Coraggioso e realistico il parere di uno dei maggiori scienziati italiani attivi nel settore, il professor Paolo Veronesi, chirurgo presso l’Università degli Studi di Milano, direttore dell’unità di Chirurgia senologica integrata dell’Istituto europeo di oncologia e presidente della Fondazione Umberto Veronesi, incentrata sulla formazione, la divulgazione e la ricerca scientifica. Lo specialista ha risposto alle nostre domande alla serata di gala, charity dinner, promossa dalla delegazione di Bologna della Fondazione a Palazzo Albergati. 

«Gli screening attualmente adottati in tutto il mondo sono stati ideati circa 40 anni fa — afferma Paolo Veronesi — quindi hanno effettivamente limiti enormi e sono basati principalmente sulla mammografia perché 40 anni fa c’era solo quella. Lo screening di massa così come viene fatto oggi non è più adeguato: esami a volte inutili, eseguiti da un tecnico in assenza del medico radiologo, con biopsie a cascata e diversi altri ‘inconvenienti’ tra i quali quello di lasciare scoperte rispetto all’azione preventiva le donne giovani, una popolazione che invece registra una incidenza crescente del tumore mammario». Che alternativa ha in mente, Veronesi lo dice senza problemi: «Io penso a un programma che parta dal profilo di rischio calcolato donna per donna, basato sulla sua storia familiare e sulle caratteristiche genetiche; poi vedrei di rendere più consistente il ruolo del medico senologo, che oggi in Italia non viene formato da alcuna Università». 

«E’ insomma obsoleto, anche secondo me, il metodo in uso per monitorare la popolazione a rischio — ha precisato Veronesi — obsoleto e non sufficiente.
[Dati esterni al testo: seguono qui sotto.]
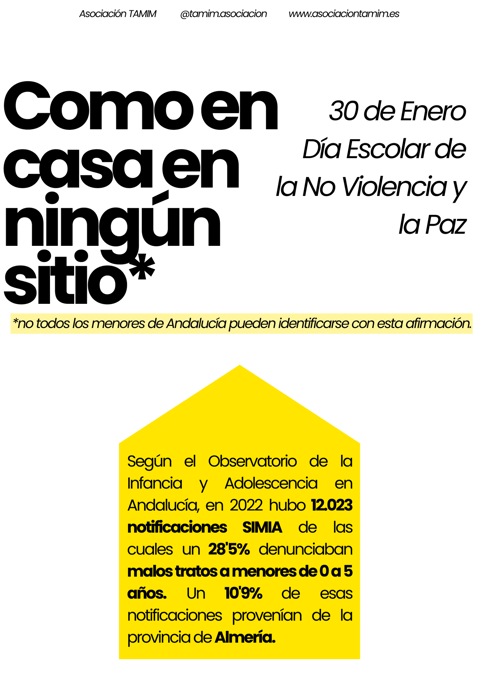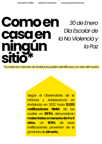 El 30 de Enero se celebra el Día Escolar de la No Violencia y la Paz. Desde Asociación TAMIM animamos a todos los docentes y trabajadores de los centros educativos a participar en la sensibilización del maltrato intrafamiliar usando nuestro cartel Como en casa en ningún sitio. Puedes descargarlo haciendo click aquí para compartirlo en tus redes sociales o colocarlo en tu escuela, negocio u otro lugar relevante. Visibilizar es el primer paso para erradicar, ¡colabora!

Certo innovare tutto il sistema di prevenzione sarebbe costoso ma si potrebbe pensare all’eliminazione del ticket sugli esami legati ai programmi di prevenzione, e anticipare l’età delle donne che vi si sottopongono». 

Infine gli stili di vita: «Prevenzione delle patologie mammarie oggi significa, per la Fondazione che presiedo-conclude il professor Veronesi - maggiore attenzione alla alimentazione, alla obesità, al fumo e all’uso di alcol da parte delle donne e promozione, fra quelle di ogni etá, di attivitá fisica adeguata alle differenti situazioni personali». Poi, la buona e concreta notizia: «Se cambiare le modalità dello screening è per ora un traguardo non condiviso da tutti gli specialisti e difficile da raggiungere - ricorda il chirurgo- va detto che entro il 2015 la normativa europea imporrà anche in Italia la creazione di Centri dedicati alla cura delle malattie mammarie, con parametri e specialisti ad hoc. Un passo avanti, importante, che aprirà la strada verso un approccio più moderno e meno rischioso al tema della prevenzione».